Confidential Virtual Machines (CVMs) protect data in use by running workloads inside hardware-isolated environments. In doing so, they also inherit the limitations of the underlying hardware. Trusted Execution Environments (TEEs), which enforce this isolation, explicitly exclude adversaries with physical access from their threat model. Commercial TEEs, e.g., Intel TDX, thus assume infrastructure providers do not physically exploit hardware and serve as safeguards instead. This creates a tension: tenants must trust provider integrity at the hardware layer, yet existing remote attestation offers no way to verify that CVMs actually run on physically trusted platforms, leaving today's CVM deployments unable to demonstrate that their guarantees align with the TEE vendor's threat model. We bridge this confidence gap with Data Center Execution Assurance (DCEA), a design generating "Proofs of Cloud". DCEA binds a CVM to its underlying platform using vTPM-anchored measurements, ensuring CVM launch evidence and TPM quotes refer to the same physical chassis. This takes advantage of the fact that data centers are often identifiable via TPMs.
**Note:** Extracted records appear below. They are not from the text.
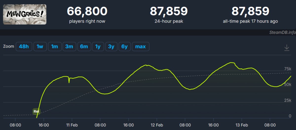 In the first few hours, Mewgenics attracted over 60,000 concurrent users (CCU) on Steam. In the following days, the numbers continued to grow, reaching 87,859 CCU by February 13th. This is significantly higher than any other project by McMillen or Glaiel, including The Binding of Isaac: Rebirth (70.7 thousand CCU).
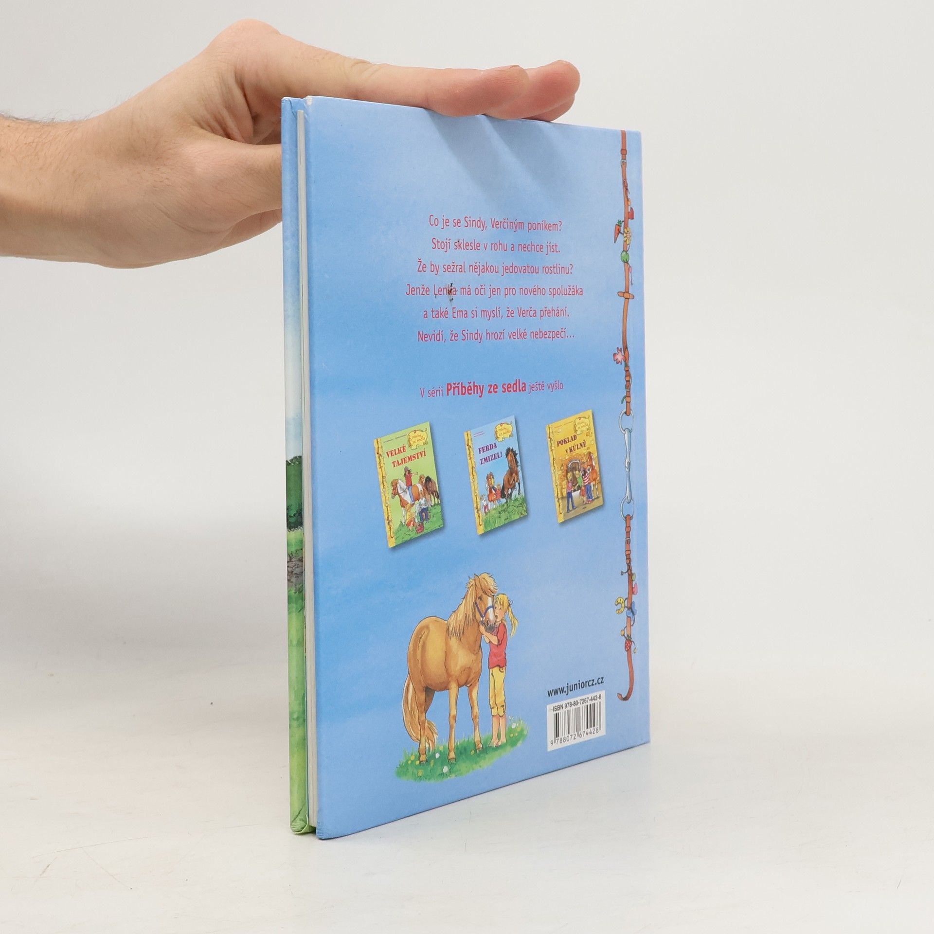 V sérii Příběhy ze sedla vychází povídání o třech holkách a jejich zvířecích kamarádech. Co je se Sindy, Verčiným poníkem? Stojí sklesle v rohu a nechce jíst. Že by sežral nějakou jedovatou rostlinu? Jenže Lenka má oči jen pro nového spolužáka a také Ema si myslí, že Verča přehání. Nevidí, že Sindy hrozí velké nebezpečí…
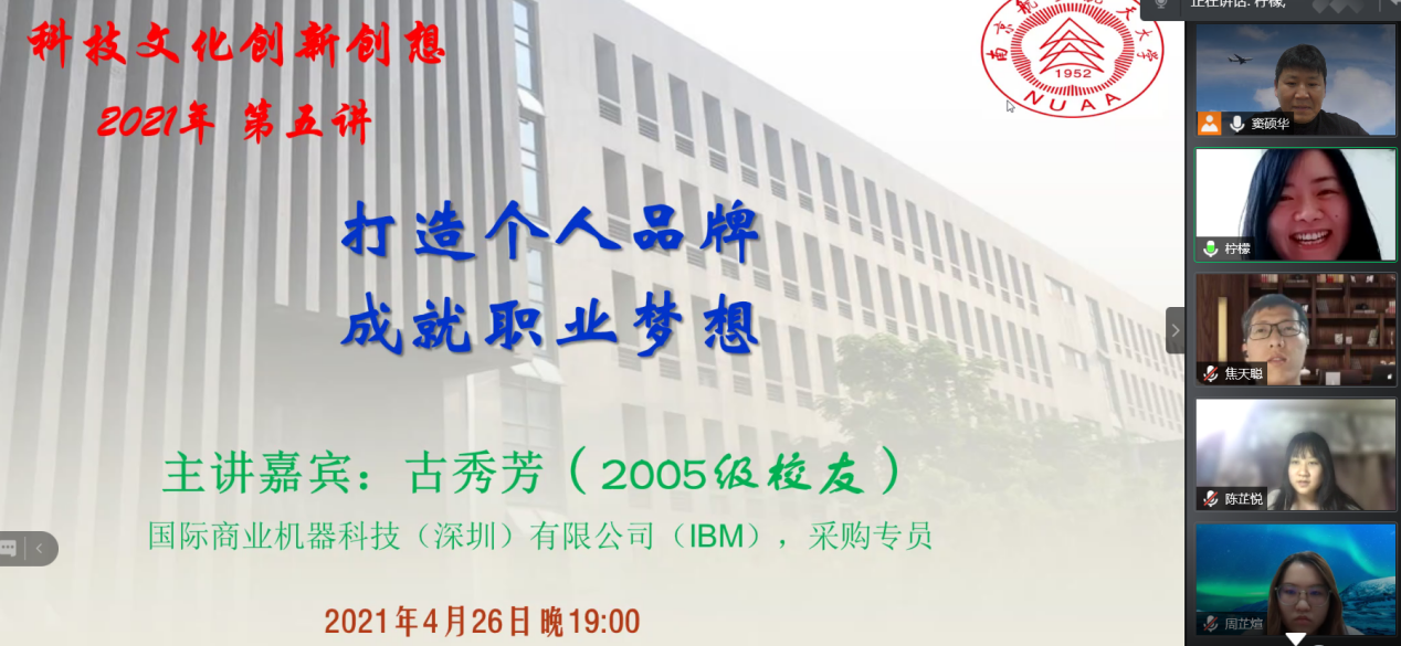 4月26日晚上7:00,星空影院 日语系科技文化创新创想课程第五讲通过腾讯会议模式开启,主题为《打造个人品牌,成就职业梦想》,主讲人为05级日语系校友古秀芳,现任国际商业机器科技(深圳)有限公司(IBM)采购专员。
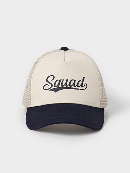 Кепка для мальчика из текстиля и сетки. Спереди украшена оригинальным принтом. Регулируется по ширине головы и фиксируется на затылке с помощью пластиковой застёжки.
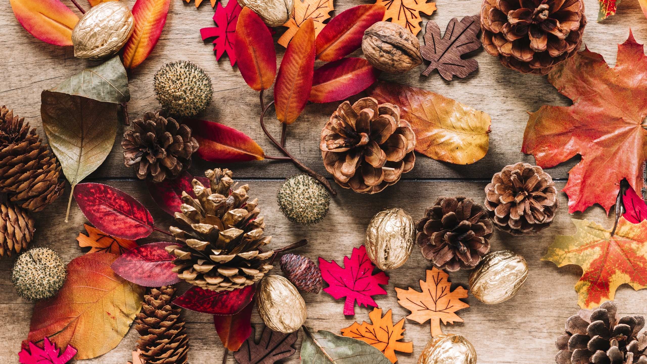 Edytor tapety: Szyszki wśród jesiennych liści i orzechów
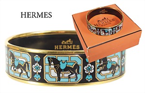 bracelet by HERMES, signed HERMES PARIS, colored enameled, elaborate horse decor with turquoise-blue colors, bordered with thin golden ribbons, width = 18.2 mm, inside diameter = 62.0 mm, original casket ! very good condition
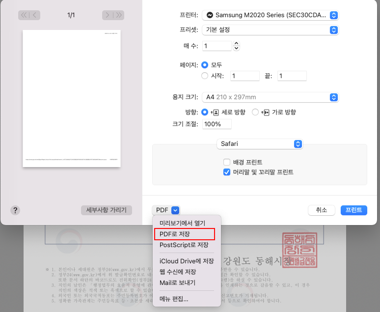 주민등록등본을 PDF 파일로 저장하기 위해서는 프린터 출력을 누르게 되면 PDF 파일 저장을 누르시면 파일로 저장이 가능합니다. 지금 아래는 맥북 화면이지만 윈도우상에서도 프린터 출력 옵션에서 PDF로 저장을 하시면 쉽게 저장이 가능합니다. 이렇게 PDF 저장을 하시면 네트워크 프린터를 이용하는 PC방에서도 출력이 가능해집니다.
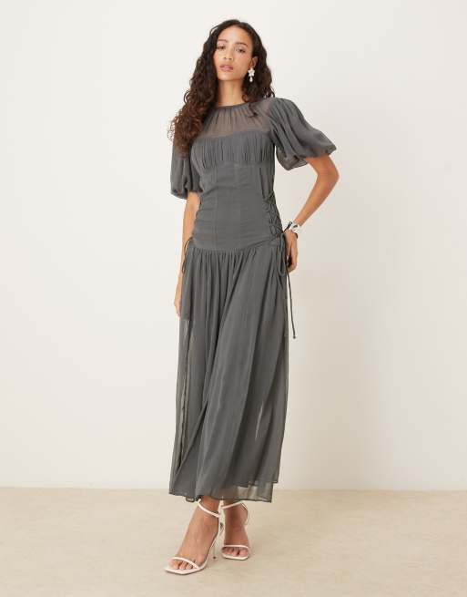 ASOS DESIGN – Mörkgrå midaxiklänning med puffärmar i chiffong
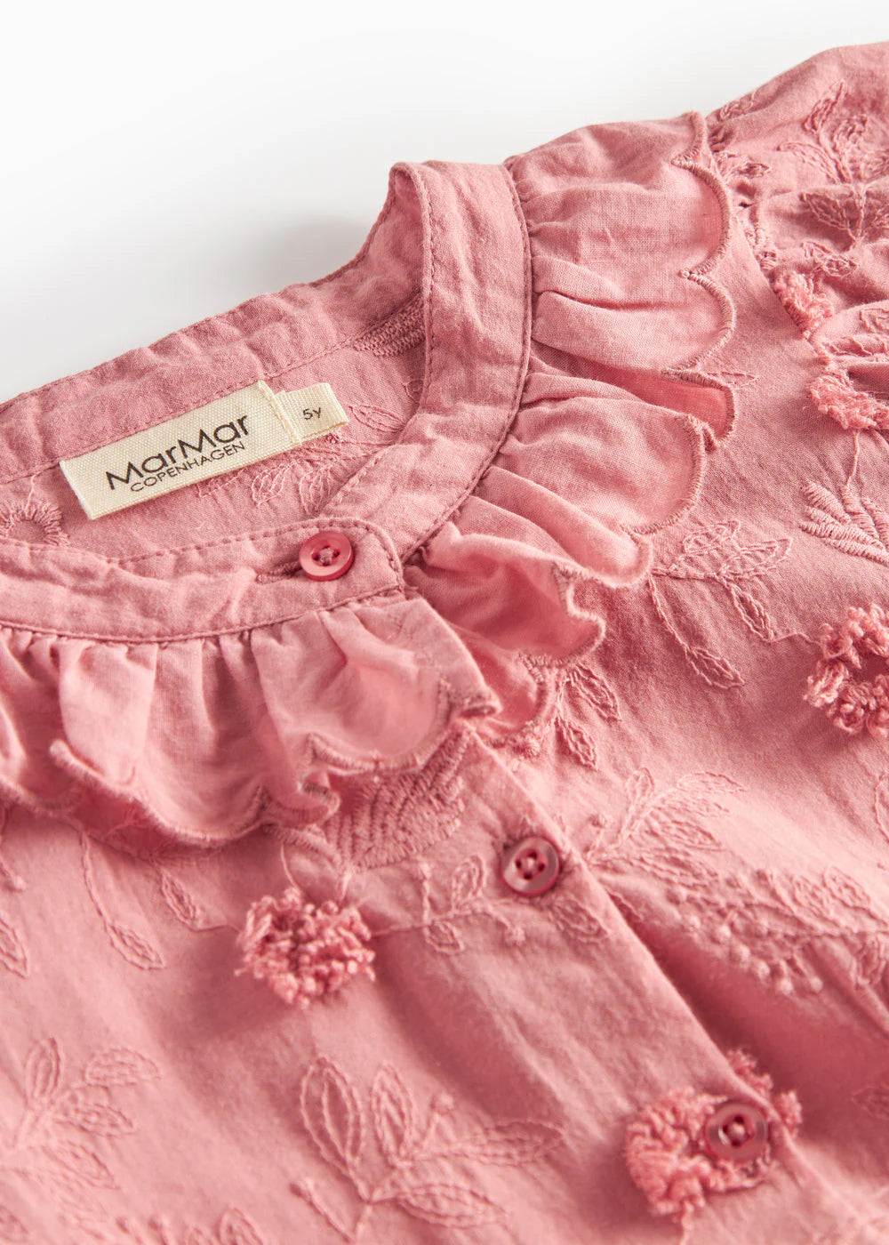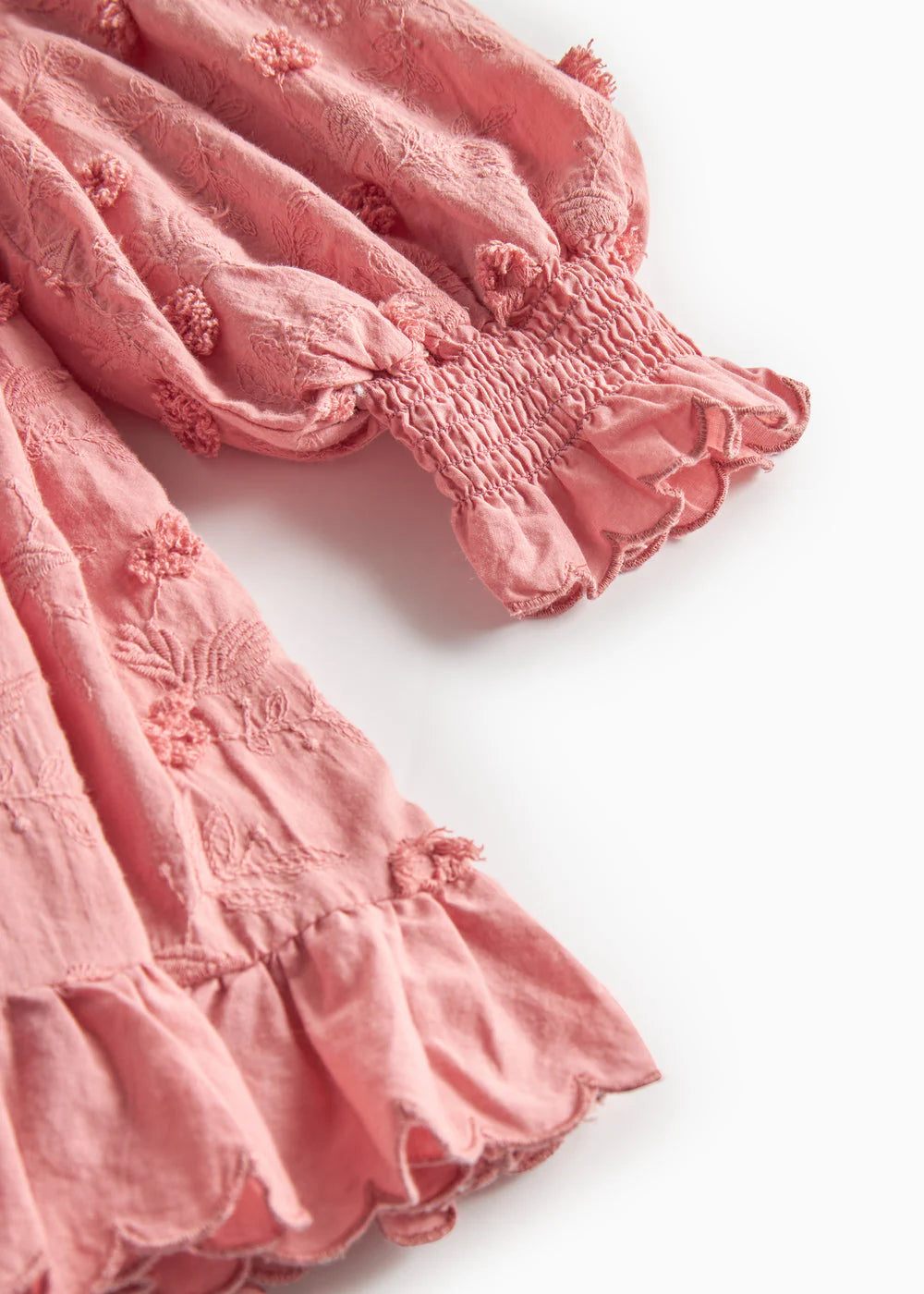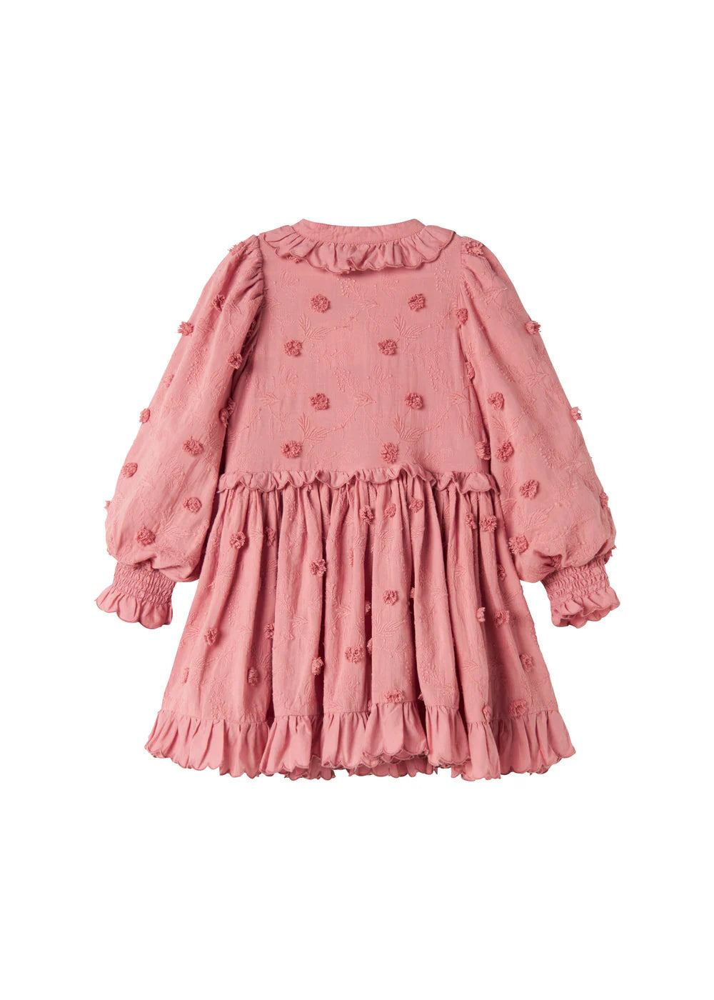 Barnekjole med unik broderi og små blomster. Kjolen har fine rysjer på skuldrene og kanten, voluminøse ermer med vaffelsøm ved håndleddene og knappelukking foran. Kjolen går over kneet og er perfekt for både hverdags og festlige anledninger.
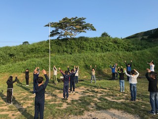 しっかりラジオ体操をして、体を起こしましょう。
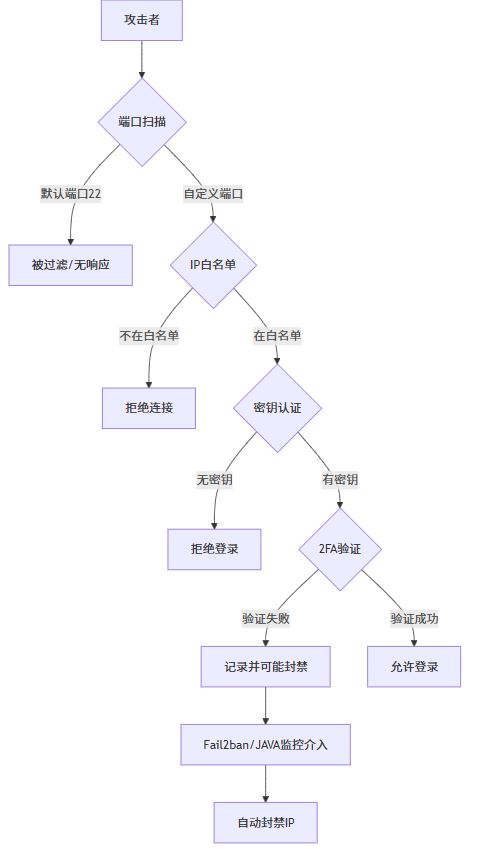 ssh 是我们管理 linux 服务器的生命线,保护它就是保护我们的数字资产。通过本文介绍的十种方法 —— 从简单改端口,到编写 java 自动防御程序 —— 你可以根据自身需求构建一套坚固、灵活、智能的防御体系。
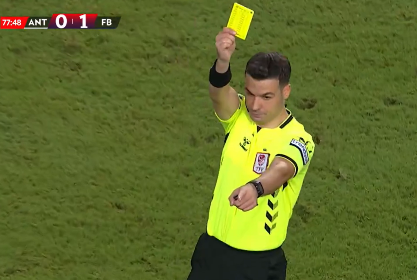 وبعد تلك اللقطة، أصر حكم اللقاء، على إعطاء البطاقة الصفراء لـ جوزيه مورينيو المدير الفني لفريق فنربخشة التركي.

Our approach applies to CVMs accessing vTPMs and running on top of software stacks fully controlled by the cloud provider, as well as single-tenant bare-metal deployments with discrete TPMs. We trust providers for integrity (certificate issuance), but not for the confidentiality of CVM-visible state. DCEA enables remote verification of a CVM's platform origin and integrity, mitigating attacks like replay and attestation proxying. We include a candidate implementation on Google Cloud and Intel TDX that leverages Intel TXT for trusted launch. Our design refines CVMs' threat model and provides a practical path for deploying high-assurance, confidential workloads in minimally trusted environments.